From the listing below, extract every line containing "space".
■ ■ ■ ■
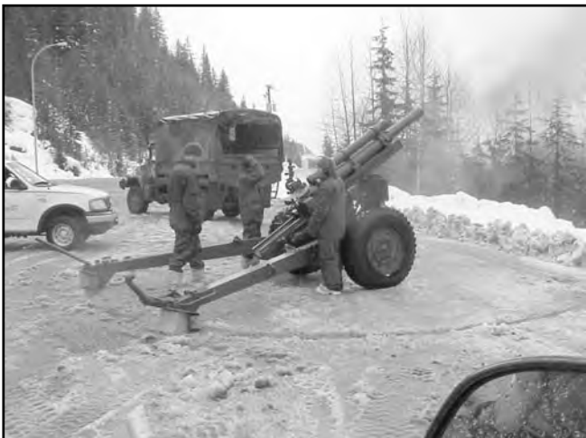
A Bty keeps the mountain pass open during their AVCON tour.

The First Regiment had a momentous 2002. It participated in many of the things it does each year. To not mention something does nothing to lessen its importance. Every day of the year, someone from 1 RCHA is doing something that makes a difference; be it volunteering as a coach for youth soccer within the community or by maintaining a NATO presence as part of an international peace-keeping operation. There is not enough room in this entire publication to identify everything that went on with 1 RCHA and its members this year. At the end of the year, after the traditional hockey games and the Christmas dinner, a much-earned break was taken. A break from one of the busiest years in the history of the Regiment.
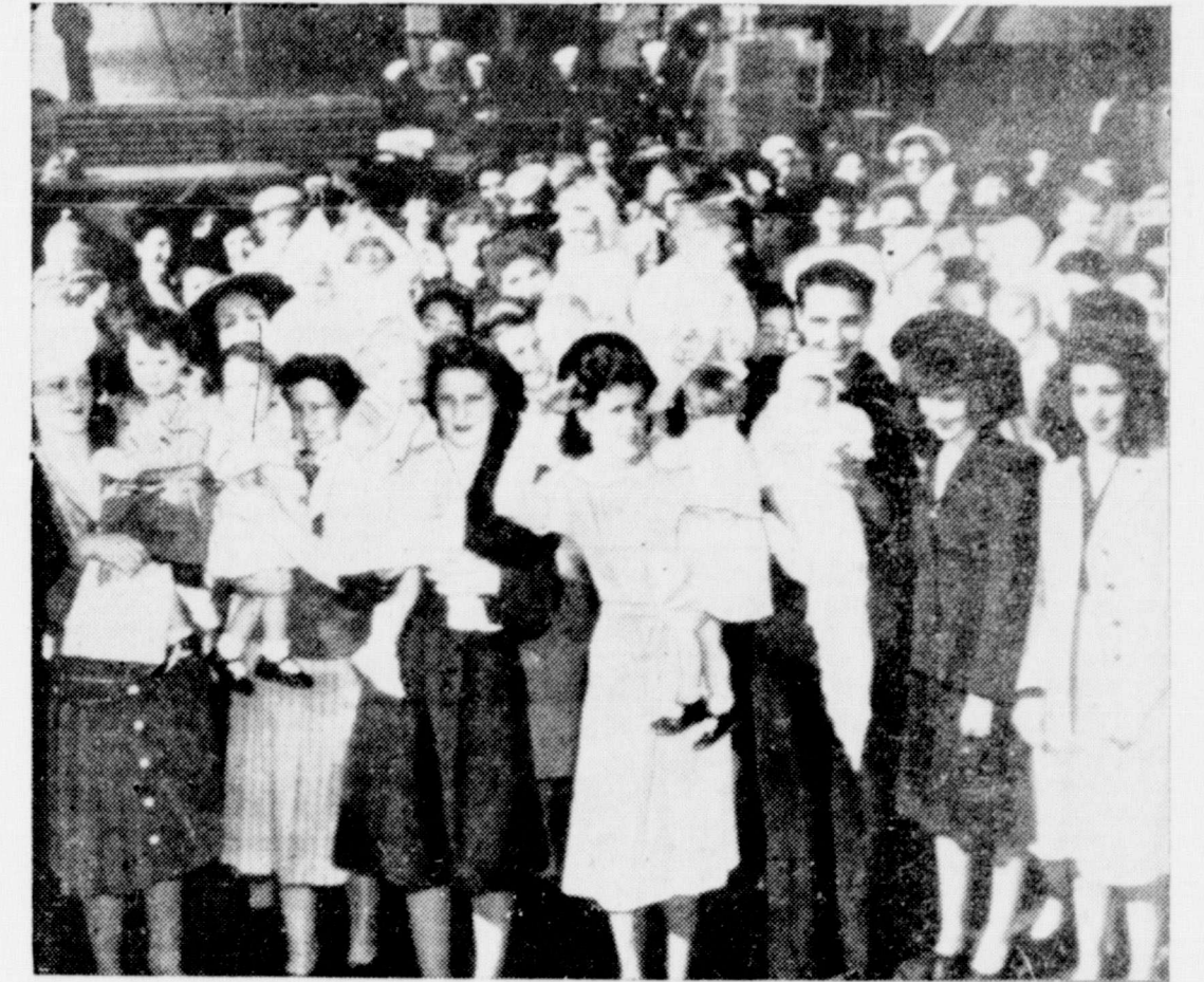
AUSSIE WIVES ARRIVE —Some of 550 Australian brides and 201 children of American servicemen who arrived aboard U. S. liner Lurline wave from San Francisco dock. Largest group of war brides to reach the United States, girls are en route to their husbands' homes.
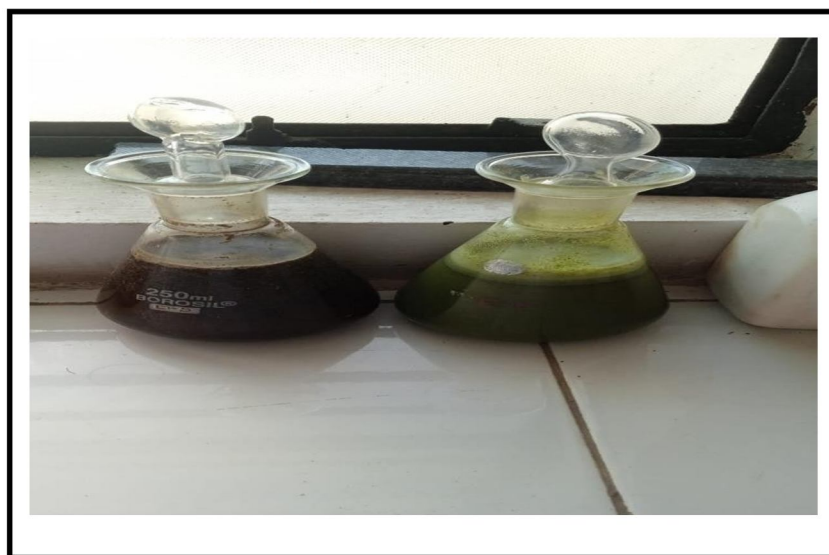
Fig No.7: Tulsi And Neem Extract

Turmeric extract was prepared by using soxhlet apparatus. Extraction was dried and stored in a desiccator for further use.
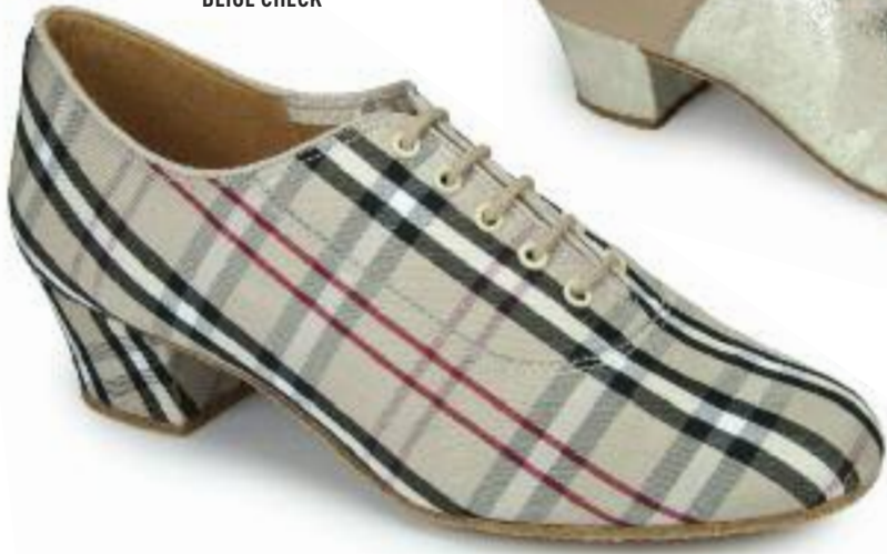
HEATHER BEIGE CHECK
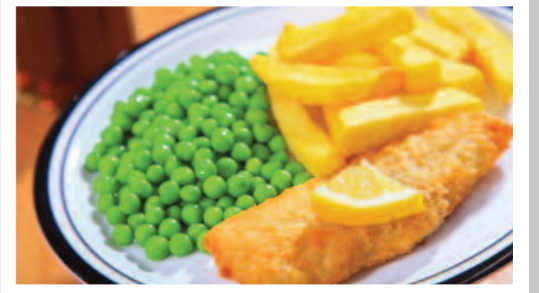
Battered Fish (MSC) served with Chips & Peas or Baked Beans

VEGETARIAN VERSIONS OF THE ABOVE MEAL AVAILABLE DAILY
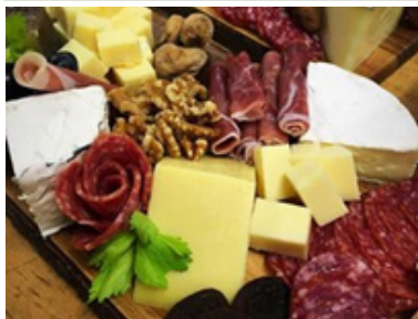
CHARCUTERIE TRAY & CRACKER TRAY - Assorted meats, cheeses, olives, & almonds. (pictured) ($3.50)
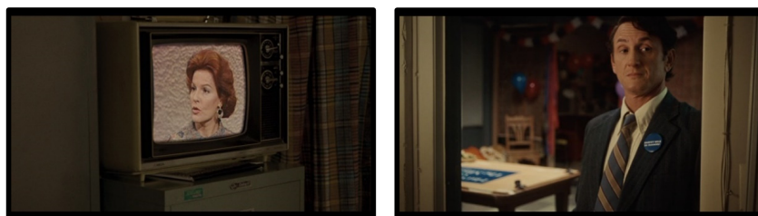
Figure 6: Bryant on TV (00:35:26 & 00:35:30)

perspective, they are set into the context of the life-threatening struggle the LGBTQIAN+ characters lead for their equality. Not only does this enhance a gay sensibility that the film seeks to convey, but also marks another offer to identify with Milk by suggesting his motives for fighting back Bryant's and Brigg's political campaign against homosexuals. Interestingly, despite following a clear good-versus-evil scheme that is innate to Hollywood films, directing the gaze towards the vindicators of the heteronormative system reverses the long tradition of the gay villain trope in cinema (cf. Russo 122). Questioning homophobic viewing habits, this gaze can hence be described as queer.
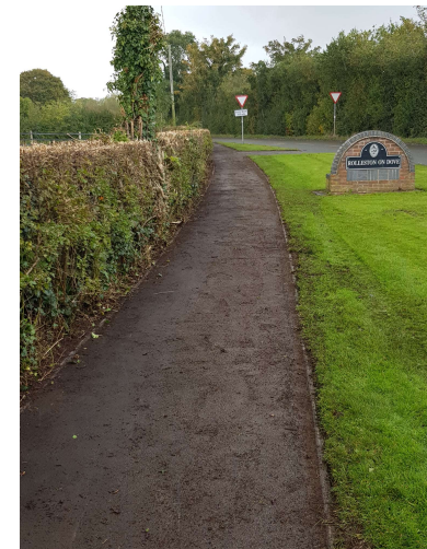
Photos: Stretton Road gateway into the village: Before and after clean-up
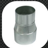
F6R5 6" to 5" Reducer
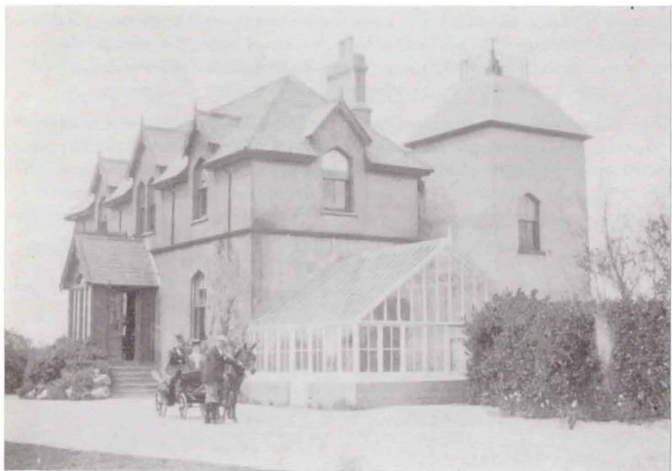
Valentia Observatory in the 1920s

of Kew Observatory and went very smoothly, the only casualty being that one standard thermometer was broken in transit. The station had been supplied with a Richards thermograph and barograph in 1891 in order that records of temperature and pressure would be maintained during the changeover. Only a few days' wind and humidity records were lost.
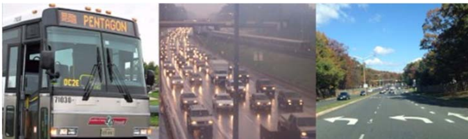
Across the region, NVTA is focused on multimodal transportation solutions.
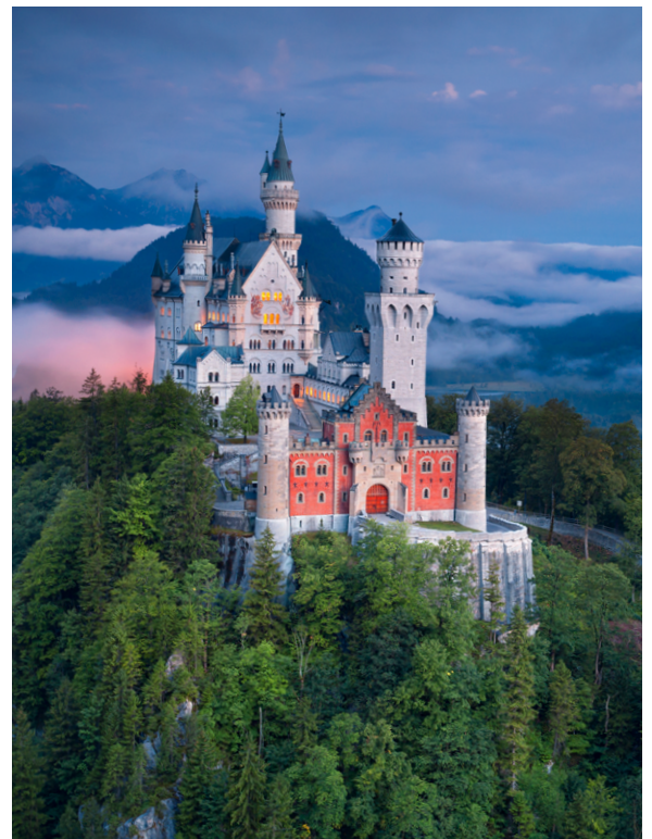
Neuschwanstein Castle: One of the best known buildings in the world
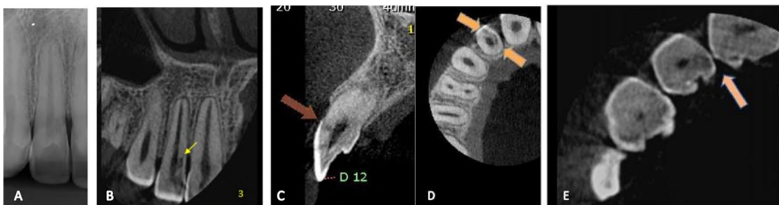
Figure 1 - In A, radiographic examination showing an irregular mottled radiolucency mesial to pulp space, and a breakdown of the crest of alveolar bone mesial of left maxillary lateral incisor. In B, C, D, and E, CBCT examination showing a hypodense area with radicular perforation in cervical third of left maxillary lateral incisor, and the breakdown of the crest of alveolar bone underlying the area of ECR (orange arrows).

Radiographic assessment showed an irregular mottled radiolucency mesial to the pulp space of tooth No. 22 with preservation of the pulpal limits, and a breakdown of the crest of alveolar bone mesial (Figure 1 A).
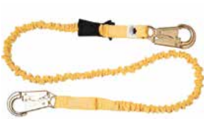
6' SINGLE LEG C351100 Saphook
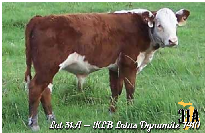
Lot 31A — KLB Lolal Dynamite 7410
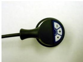
Figure 11 E-Scope Stethoscope head

3.1 Volume Adjust. The E-Scope volume may be increased or decreased by momentarily pressing the + or – button located on the stethoscope head. Pressing and holding one of these buttons for more than one second causes the volume to move up or down. It takes about seven seconds for this automatic adjustment to cover the full volume range of 64 steps. The E-Scope retains the last volume setting and reverts to that setting when the power is turned on.
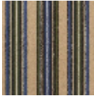
FT254001 Bleu marine
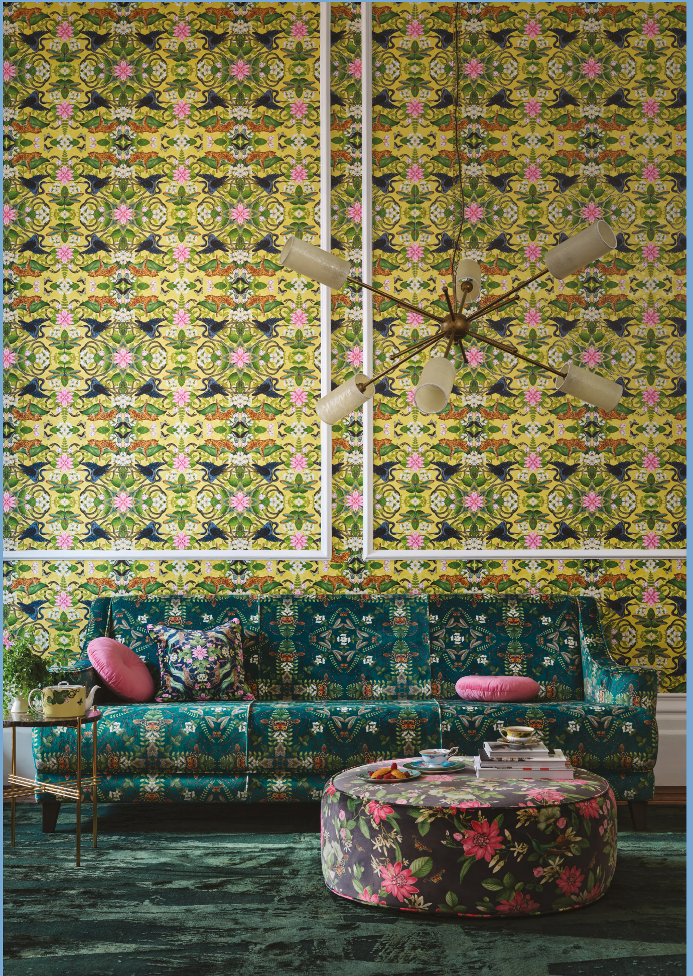
(Front page) Cushion: Wonderlust Tea Story Citron Wallcovering: Waterlily Marine Banner Bedlinen: Waterlily Dove Cushions front to back: Emerald Forest Teal Jacquard Fabric, Midnight Jacquard Fabric, Blush Jacquard Fabric, Waterlily Midnight Velvet Fabric (Above) Wallcovering: Wonderlust Tea Story Citron Sofa: Emerald Forest Teal Velvet Fabric Cushions: Alvar Candy Fabric, Menagerie Midnight Drum: Pink Lotus Noir Velvet Fabric Ceramics: Wonderlust Menagerie Plate, Wonderlust Apple Blossom Teacup & Saucer Wonderlust Emerald Forest Plate, Wonderlust Waterlily Teacup & Saucer
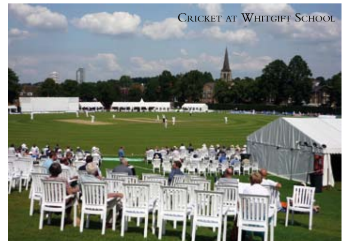
CRICKET AT WHITGIFT SCHOOL
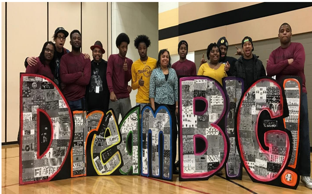
Rosemore Middle School students dream big.
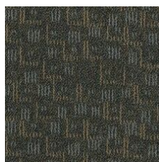
Steeling Beauty 40500
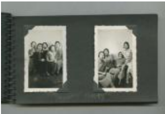
Senior girls (38f-c001582-d0010-001)
■ ■ ■ ■
» **Your response**
Figure 1 - In A, radiographic examination showing an irregular mottled radiolucency mesial to pulp space, and a breakdown of the crest of alveolar bone mesial of left maxillary lateral incisor. In B, C, D, and E, CBCT examination showing a hypodense area with radicular perforation in cervical third of left maxillary lateral incisor, and the breakdown of the crest of alveolar bone underlying the area of ECR (orange arrows).
Radiographic assessment showed an irregular mottled radiolucency mesial to the pulp space of tooth No. 22 with preservation of the pulpal limits, and a breakdown of the crest of alveolar bone mesial (Figure 1 A).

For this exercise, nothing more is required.